Lets go with shells.
$A = 2\pi \int xy dx\\ x = 5\cos t\\ dx = -5\sin t \ dt\\ y = 3\sin t$
Limits $\arccos (\frac 25)$ to $\pi$
This is only half way around so I will need to double it.

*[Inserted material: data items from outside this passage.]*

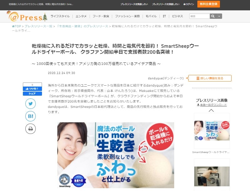 Smartsheepドライヤーボール プレスリリースを行いました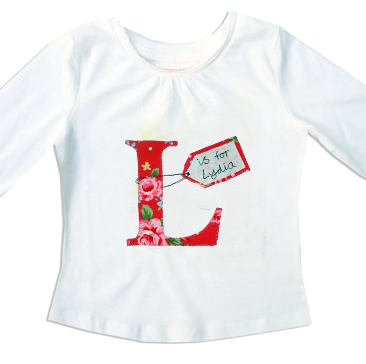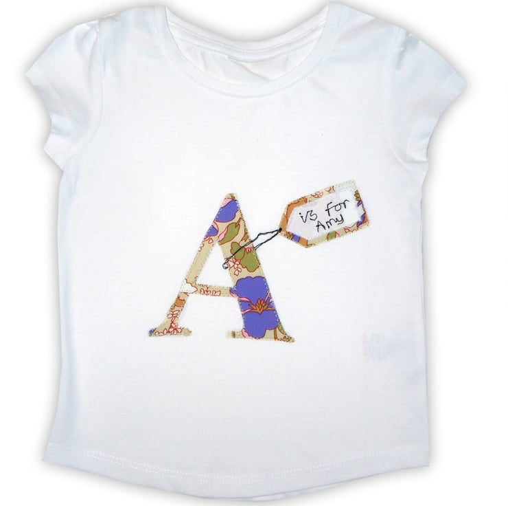 T-shirt is appliqued with the first letter of a name and a little tag, which reads ..(insert letter) is for .......(insert name)
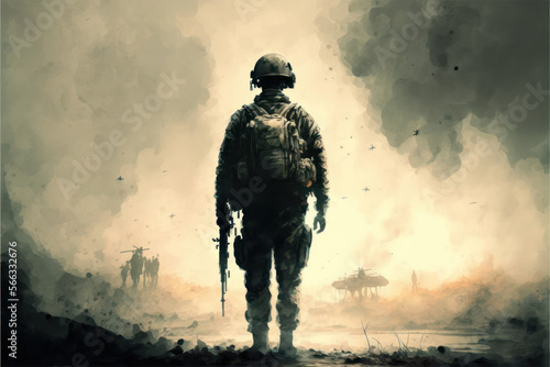 War Veteran Reflecting on Sacrifices Made on the Battlefield - AI Generated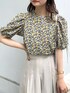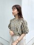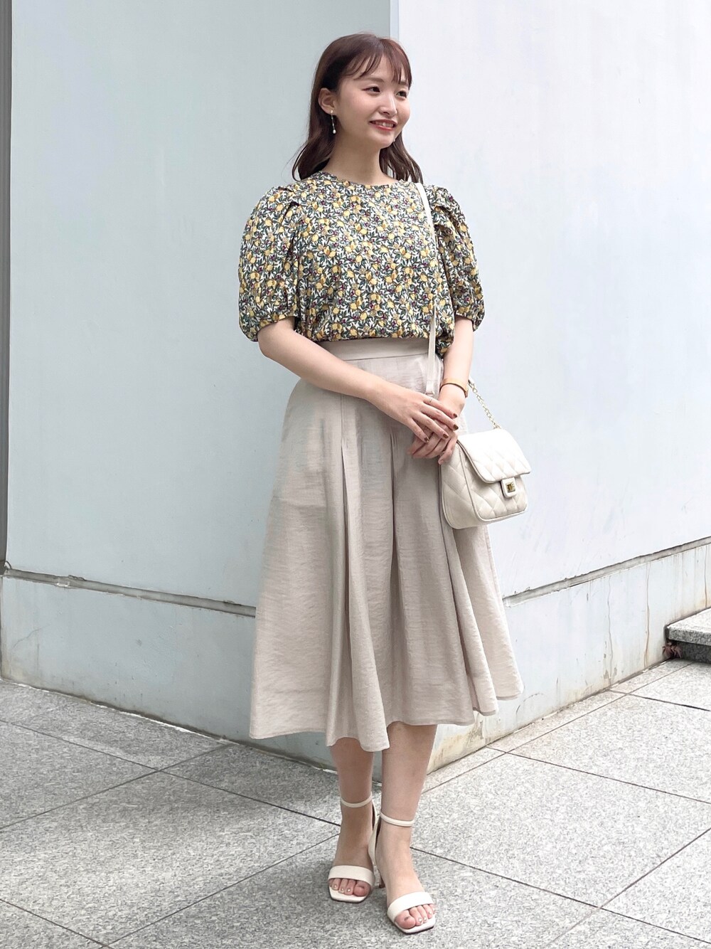 みさか 158cm レモン柄が夏らしい華やかなブラウスは、パフスリーブで二の腕をカバーしてくれます。丸首なので、女性らしい柔らかな印象です✨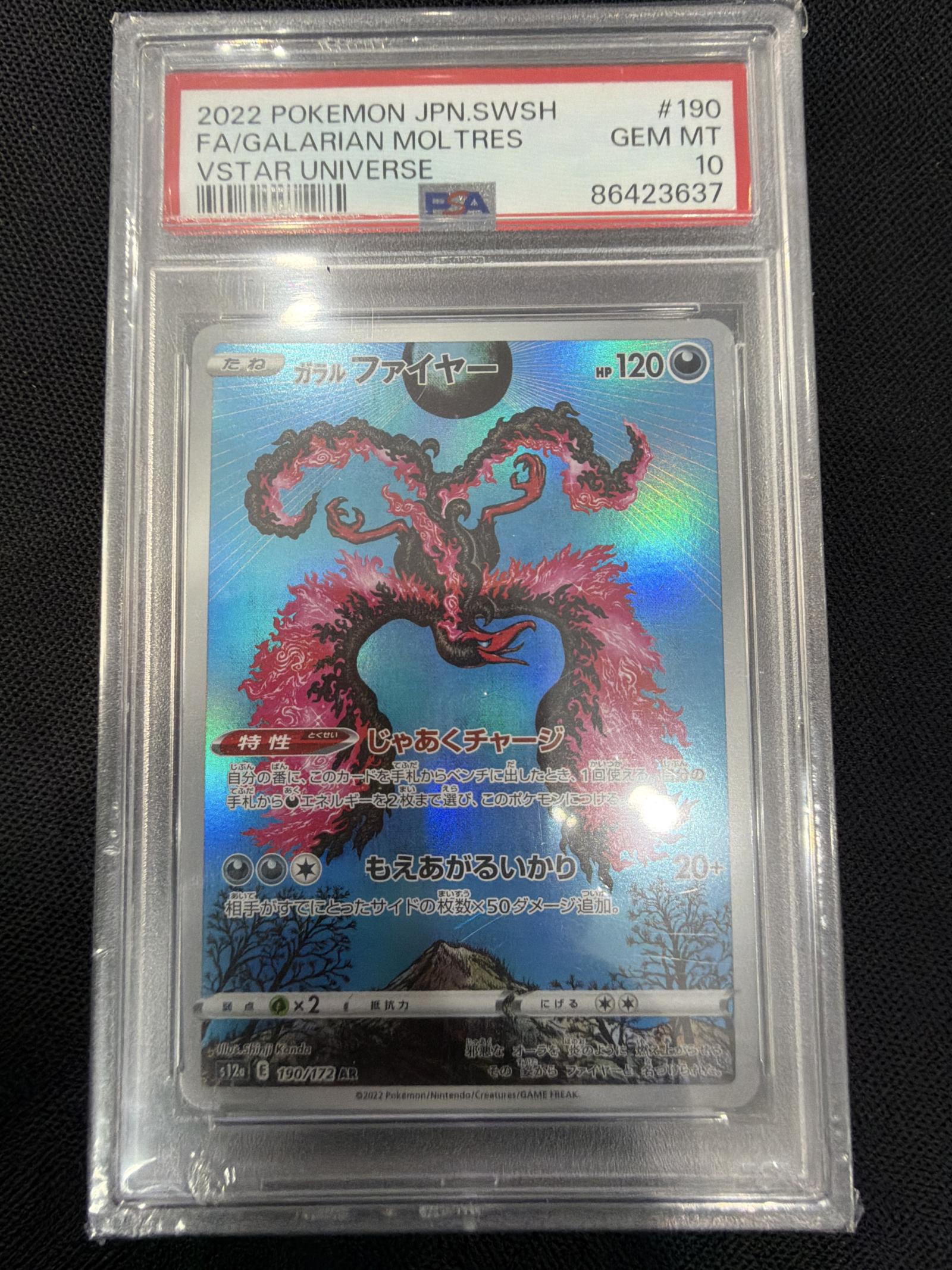 2022 Japanese Pokemon Sword & Shield VSTAR Universe set Galarian Moltres Full Art card, card number 190/172, artist 5ban Graphics. This foil card is graded PSA GEM MT 10. Playable in meta and highly collectible due to perfect grading and full art design.

$4\pi\displaystyle \int_{\arccos (\frac 25)}^{\pi} -75\sin^2 t\cos t dt\\ 4\pi (-25\sin^3 t)|_{\arccos (\frac 25)}^{\pi}\\ 4\pi (25)(1-\frac {4}{25})^{\frac 32})\\ 4\pi (\frac {21 \sqrt {21}}{5})$
First, rewrite the ellipse equation
$$ \frac{x^2}{25} + \frac{y^2}{9} = 1$$
or, in terms of $x$ $$ y = \pm 3 \sqrt{1 - \frac{x^2}{25}} $$
Using the cylindrical shell method, we add up shells with thichness $dx$, radius $r=2-x$ and height $h = 2|y| = 6\sqrt{1-\dfrac{x^2}{25}}$. The total volume is then
$$ V = \int 2\pi r h\ dx = 2\pi\int_0^2 6(2-x)\sqrt{1-\frac{x^2}{25}}\ dx $$